* Data shown:
####

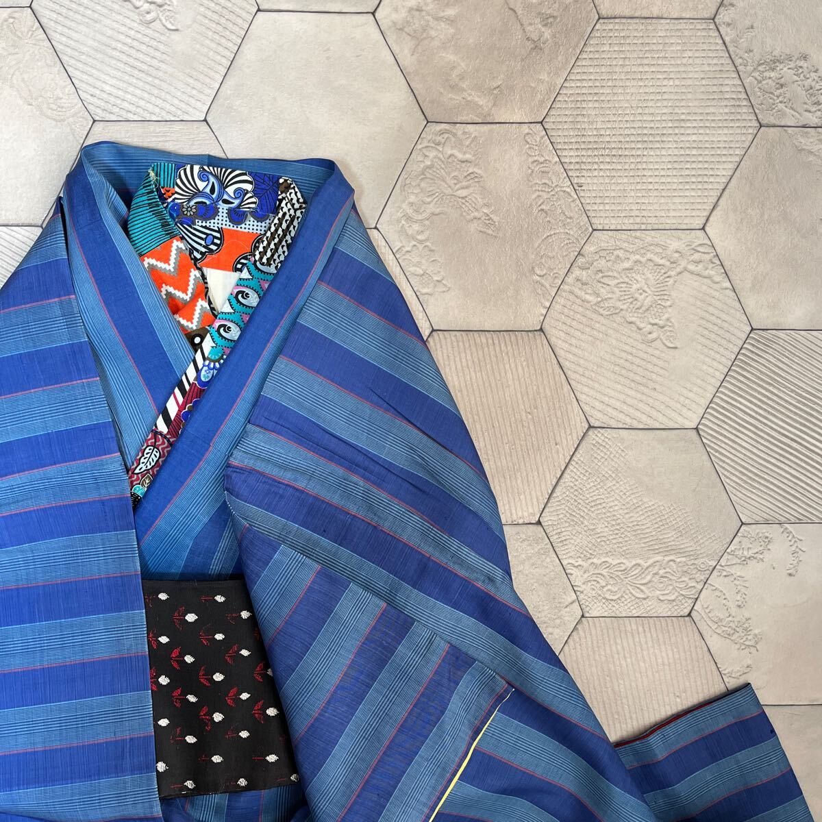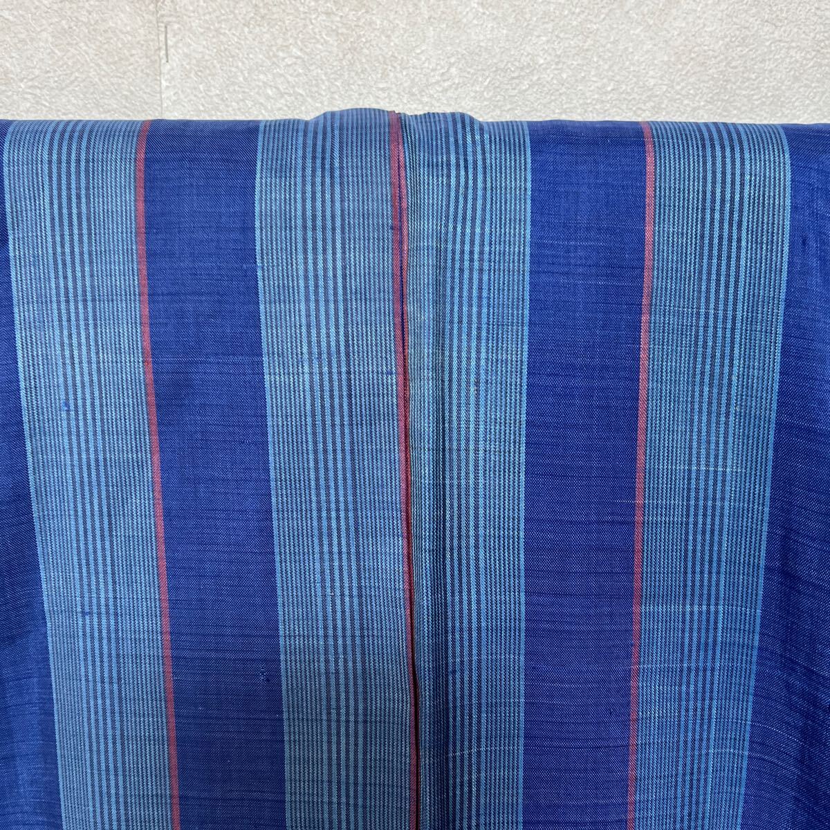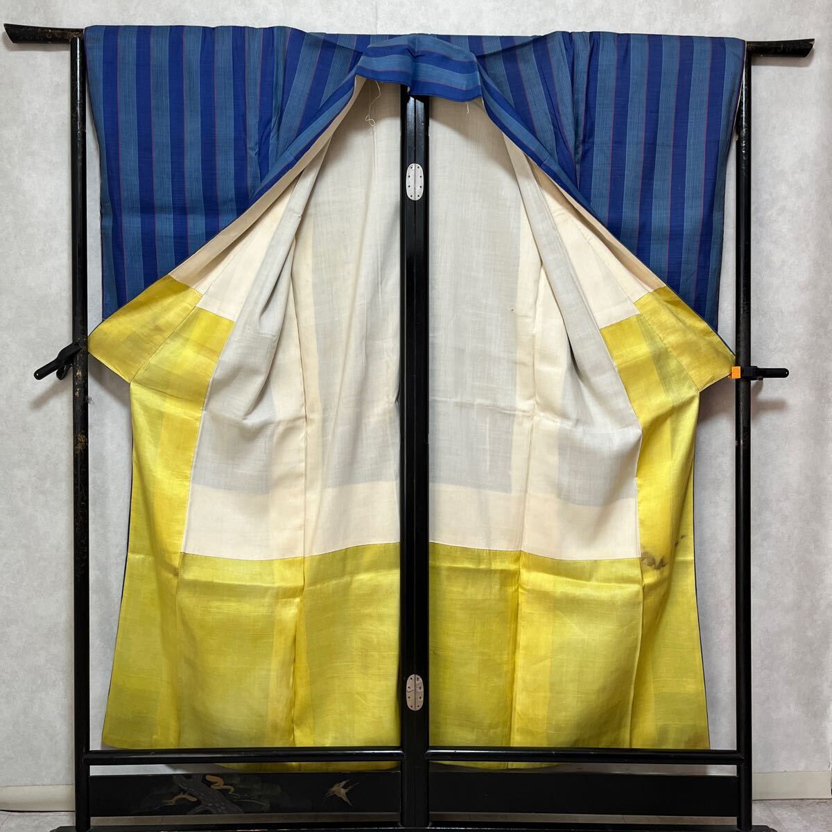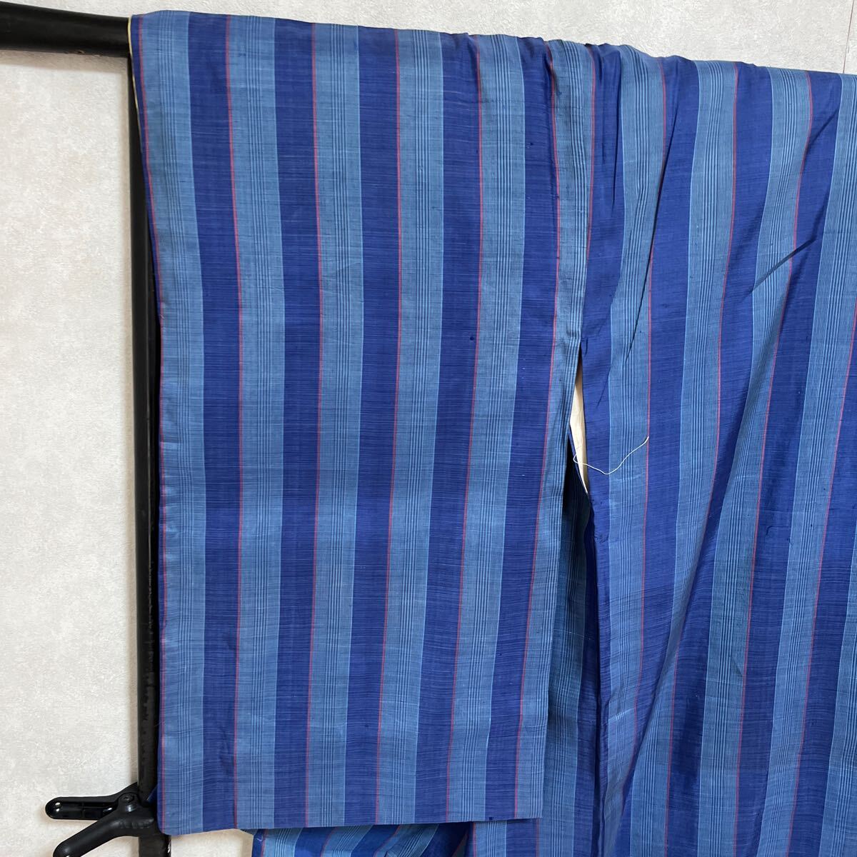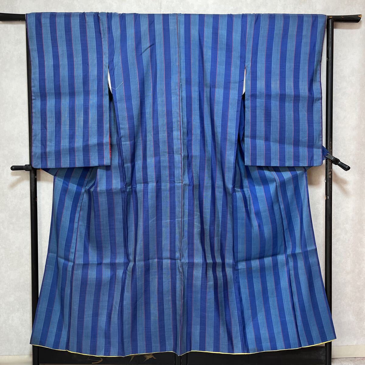 アンティーク 着物 昭和レトロ ブルー 縞模様 ストライプ 大正ロマン モダン リメイク 和洋折衷コーデ 絹 正絹 き09-8k
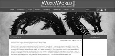 “武侠世界(www.wuxiaworld.com)”是目前英文世界最大的中国网络文学网站,内容以玄幻、武侠、仙侠为主。截至今年11月,“武侠世界”在全世界网站点击率排行榜上竟然排到了第1536名,日均页面访问量达362万次。读者来自全球近百个国家和地区,其中来自美国的读者占了近1/3,其余大都来自菲律宾、印度尼西亚、加拿大和德国。到2016年6月底,武侠世界上已拥有两部翻译完毕的中国长篇网络小说——我吃西红柿的《盘龙》和《星辰变》,以及正在翻译之中的18部中国网络小说。
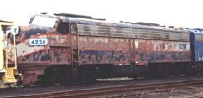 Now for the E units. 4258 was built in April 1953.She is an ex-MARC, ex-NJT locomotive but started as an IC engine.Her paint may be rough but, I'm told, there's a sound machine under the rough exterior.
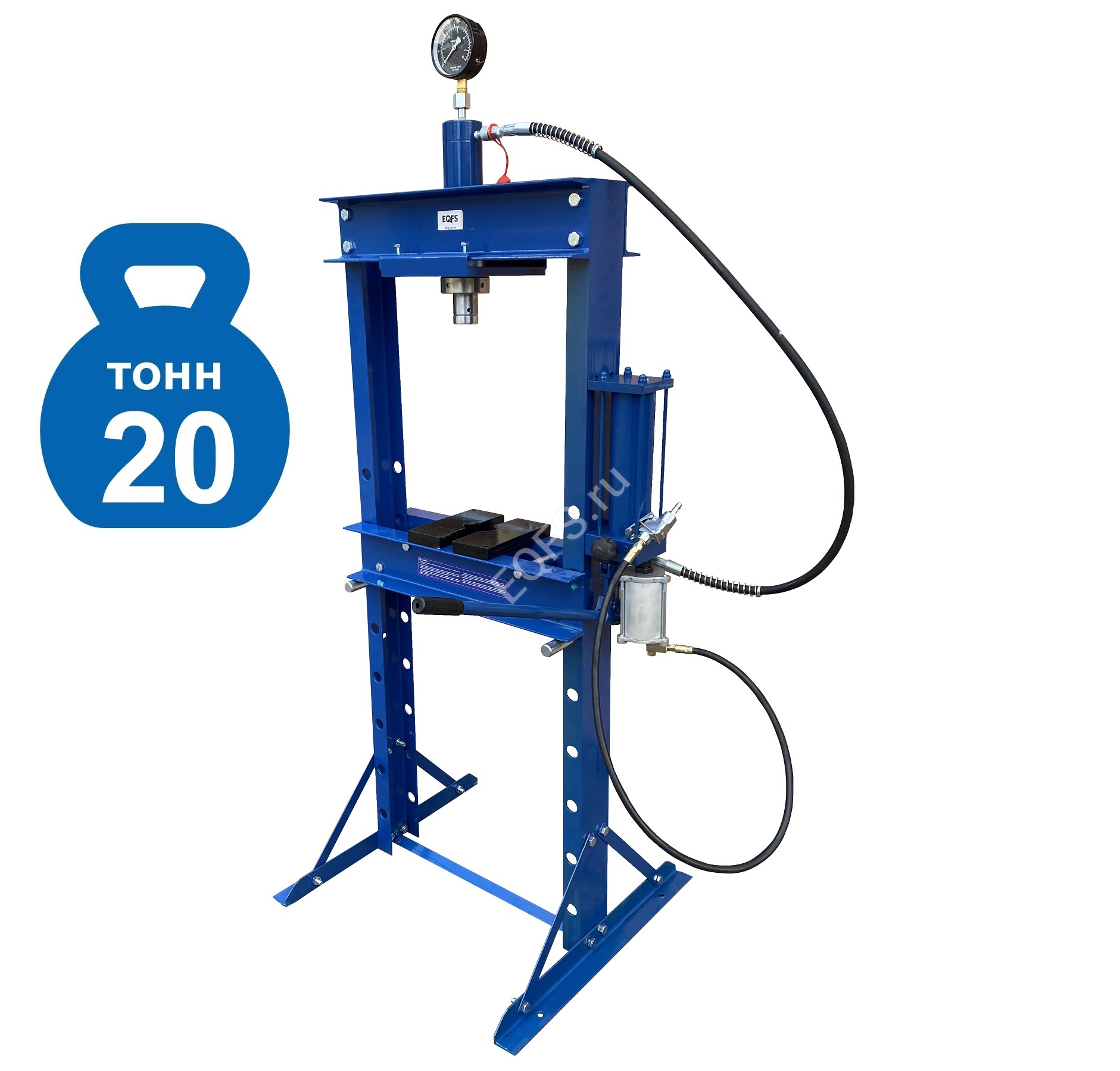 · Пресс укомплектован пневмогидравлическим и ручным насосом с максимальным усилием 20т.

####

* Exercise aim: Print the material verbatim; drop the pictures.

* Expected answer:
 アンティーク 着物 昭和レトロ ブルー 縞模様 ストライプ 大正ロマン モダン リメイク 和洋折衷コーデ 絹 正絹 き09-8k
 “武侠世界(www.wuxiaworld.com)”是目前英文世界最大的中国网络文学网站,内容以玄幻、武侠、仙侠为主。截至今年11月,“武侠世界”在全世界网站点击率排行榜上竟然排到了第1536名,日均页面访问量达362万次。读者来自全球近百个国家和地区,其中来自美国的读者占了近1/3,其余大都来自菲律宾、印度尼西亚、加拿大和德国。到2016年6月底,武侠世界上已拥有两部翻译完毕的中国长篇网络小说——我吃西红柿的《盘龙》和《星辰变》,以及正在翻译之中的18部中国网络小说。
 Now for the E units. 4258 was built in April 1953.She is an ex-MARC, ex-NJT locomotive but started as an IC engine.Her paint may be rough but, I'm told, there's a sound machine under the rough exterior.
 · Пресс укомплектован пневмогидравлическим и ручным насосом с максимальным усилием 20т.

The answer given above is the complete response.